The U.S. military lost 471 service members to suicide in 2024 — still a staggering number, but the first meaningful drop in years, and one that Pentagon officials are cautiously calling progress.
The Department of Defense released its seventh Annual Report on Suicide in the Military on March 31, 2026, covering Calendar Year 2024. The figure — 471 deaths — marks a notable decline from the 531 suicides recorded in CY 2023, a year that had itself represented a grim high-water mark. For a military establishment that has struggled for over a decade to reverse this trend, the data offers something it hasn’t had much of lately: a reason to believe the needle can move.
A Broad Decline — With One Troubling Exception
Across nearly every component of the Total Force, the numbers improved. The overall suicide rate fell by approximately 11%, with the Active Component posting a 16% decrease and the Reserve Component dropping 14% compared to the previous year. Those are not trivial margins. In a crisis that has resisted intervention after intervention, double-digit declines in a single year are the kind of thing that makes researchers sit up straight.
But it’s not that simple. The National Guard bucked the trend entirely, recording an increase of roughly 13% in its suicide rate over the same period. That’s a significant outlier — and one that deserves far more scrutiny than a footnote in an annual report. Guard members often lack the same access to on-base mental health resources as their Active Component counterparts, and they frequently navigate the psychological weight of military service while embedded in civilian communities that may not fully understand what they’re carrying.

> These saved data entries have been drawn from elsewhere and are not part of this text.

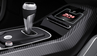 リアアクスルの前に縦置きされるのは、新開発の5リッターV10 TDI。このパワフルなツインターボ ディーゼルエンジンは、400kW(544ps)以上の最高出力をもち、わずか1,500rpmから1,000Nm(102kgm)のトルクを発生する。エンジンのうしろにマウントされた強化型の7段Sトロニックが、クワトロ ドライブ トレインにトルクを伝達する、アウディのお家芸といえるフルタイム4WDシステムを採用している。
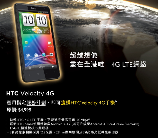 CSL 1010 搭配 HTC Velocity 4G 智能手機計劃出台,跟現有的 3G 上台出機一樣。其「1O1O「樂無憂」服務計劃」可以 $439 月費獲得無限上網,合約期為 12 個月。用戶亦可以自帶 4G 手機上台,但需簽 24 個月合約,才可享有 $339 月費無限數據服務。而這兩個計劃,公平用量亦是 5GB,用量超過後網絡優先次序會被調低。發言人表示,由於現時 4G 使用者用戶較少,所以被調低優先度的機會暫時相對較低。
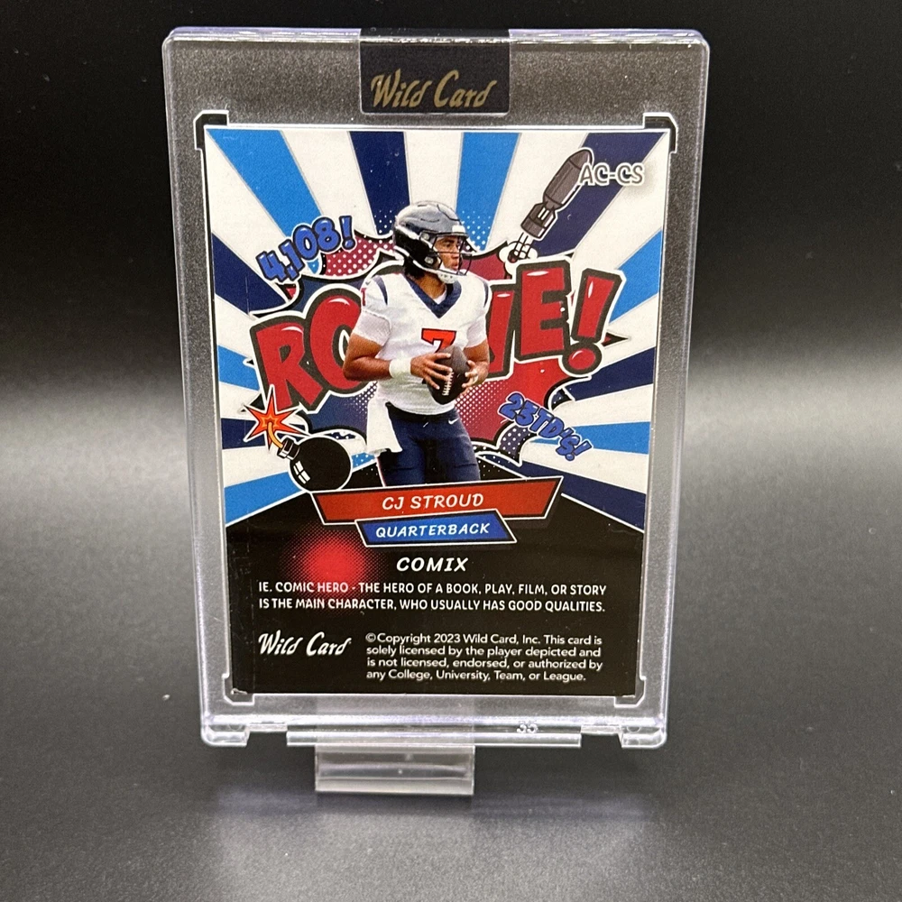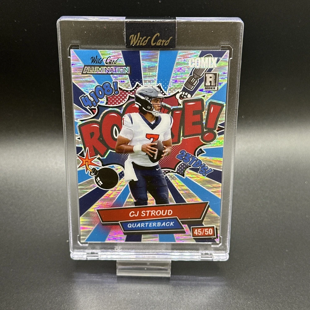 This 2023 CJ Stroud Wild Card Alumination Rookie /50 card is a must-have for any serious collector. With a limited print run of only 7, this rare card features the talented quarterback from the Houston Texans. The card is in near mint or better condition and is a great addition to any NFL collection. The card is from the 2023 Wild Card Alumination set and is a standard size sports trading card. Although not autographed, it is still a valuable item for fans of the sport. Whether you're a collector or just a fan of the game, this card is a great way to commemorate the 2023 Super Bowl. Get your hands on this rare card today! Free shipping. Please see picture for conditions of the card you will actually be receiving. Message with any questions. Thank you!
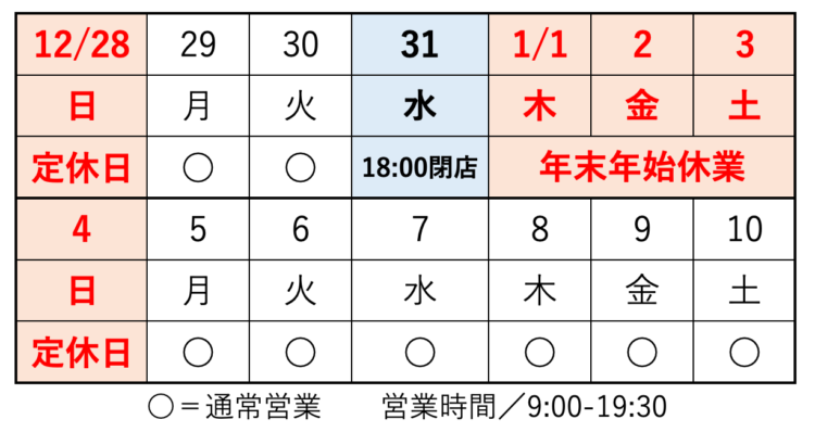 12月31日(水)9:00-18:00 ※閉店時間が18:00となります
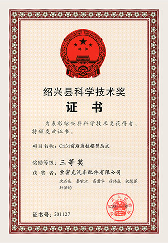 公司已先后通過(guò)IATF16949質(zhì)量管理體系認(rèn)證、ISO/14001環(huán)境管理體系認(rèn)證和OHSAS18001職業(yè)健康安全管理體系認(rèn)證。是“國(guó)家高新技術(shù)企業(yè)”“行業(yè)龍頭企業(yè)”和“全國(guó)百家優(yōu)秀汽車(chē)零部件供應(yīng)商”。
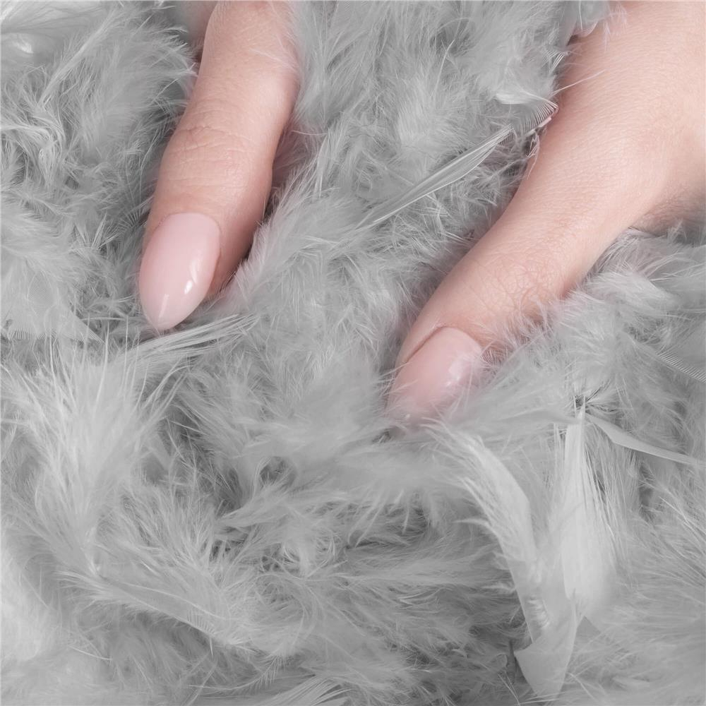 ATENTIE: Aceasta ghirlanda este din pene naturale! Deoarece, prin natura lor, penele sunt fragile, la manipularea ghirlandei pot cadea fragmente de puf. Acest lucru este unul normal si inevitabil ce trebuie luat in considerare inainte de a comanda acest produs! Material: pene naturaleCuloare: griLungime: aproximativ 180cmLatime aprox: 15cmPuful sau realizat din materiale naturale va garanta ca toata lumea va fi incantata de aceasta decoratiune deosebita. Pentru a face ghirlanda pufoasa, scoateti-o din pachet pentru cateva minute si atarnati-o. Acest lucru va face penele pufoase.

Quarterly data adds texture to the full-year picture. In Q1 of CY 2024, the Active Component recorded 94 suicides — actually three more than Q1 2023 — while the Reserve Component saw 24, up six from the prior year. The National Guard, meanwhile, saw 21, a decrease of five. By Q3, the picture had shifted: the Active Component reported 74 suicides, the Reserve just five — a drop of eleven from Q3 2023 — and the Guard posted 27, down three. It was an uneven, grinding improvement. Not a turnaround so much as a slow correction.
How Bad Had It Gotten?
To understand why 2024’s numbers feel like relief, it helps to remember where things stood before. In CY 2023, 523 service members died by suicide — up from 493 in 2022 — pushing the Total Force rate roughly 9% higher than the year prior. The Active Component’s rate climbed 12%, though statisticians noted it didn’t reach the threshold of statistical significance. Still, the direction was unmistakable and deeply alarming.
It was against that backdrop that officials pointed to the launch of a formal suicide prevention campaign. “In the first year since Secretary Austin’s establishment of the suicide prevention campaign plan, the Department has completed 20 SPRIRC recommendations and we have an aggressive path forward with unprecedented investments for FY25 to combat current trends,” an official stated in the report’s release. Whether those investments are what drove the 2024 decline — or whether other factors are at play — is the kind of question that takes years of data to answer properly.
The Surveillance Infrastructure Behind the Numbers
None of this data emerges from thin air. The DoDSER system — the Department of Defense Suicide Event Report — serves as the backbone of military suicide surveillance, standardizing how suicides, attempts, and related behaviors are tracked across all branches of the Armed Forces. It’s a system that monitors risk factors with a level of granularity that civilian public health agencies often envy. The data it produces is imperfect — no surveillance system isn’t — but it’s the most consistent lens the military has into a crisis that doesn’t announce itself in advance.
Veterans: A Separate, Parallel Crisis
The active-duty picture, grim as it is, represents only part of the problem. Among Veterans — those who’ve already left service — the toll is staggering by any measure. In 2022, the most recent year for which comprehensive data is available, 6,407 Veterans died by suicide, averaging 17.6 deaths per day. The VA’s 2024 Suicide Prevention Annual Report documented some encouraging shifts within that figure: female Veterans saw a 24.1% decline in their suicide rate, and younger Veterans aged 18 to 34 saw a 3.8% drop. Progress, but measured in lives still lost at a rate that would constitute a national emergency if it affected almost any other demographic.
The context is sobering. Suicide was the 12th-leading cause of death for Veterans overall in 2022 — but for those under age 45, it was the second-leading cause, ranking just behind unintentional injury. That’s not a footnote. That’s a defining feature of what it means to be a younger Veteran in America today.
What Comes Next
One good year doesn’t constitute a trend. The military has seen isolated dips in suicide rates before, only to watch them reverse. What’s different this time — if anything is — may come down to whether the structural investments being promised for FY25 actually materialize and reach the people who need them most. The National Guard numbers, in particular, suggest that whatever’s working for the Active Component isn’t reaching everyone in uniform equally.
Four hundred and seventy-one people. Each one a service member who made it through deployments, through training, through years of sacrifice — and didn’t make it through whatever came after. That number went down in 2024. The work of making sure it keeps going down has barely begun.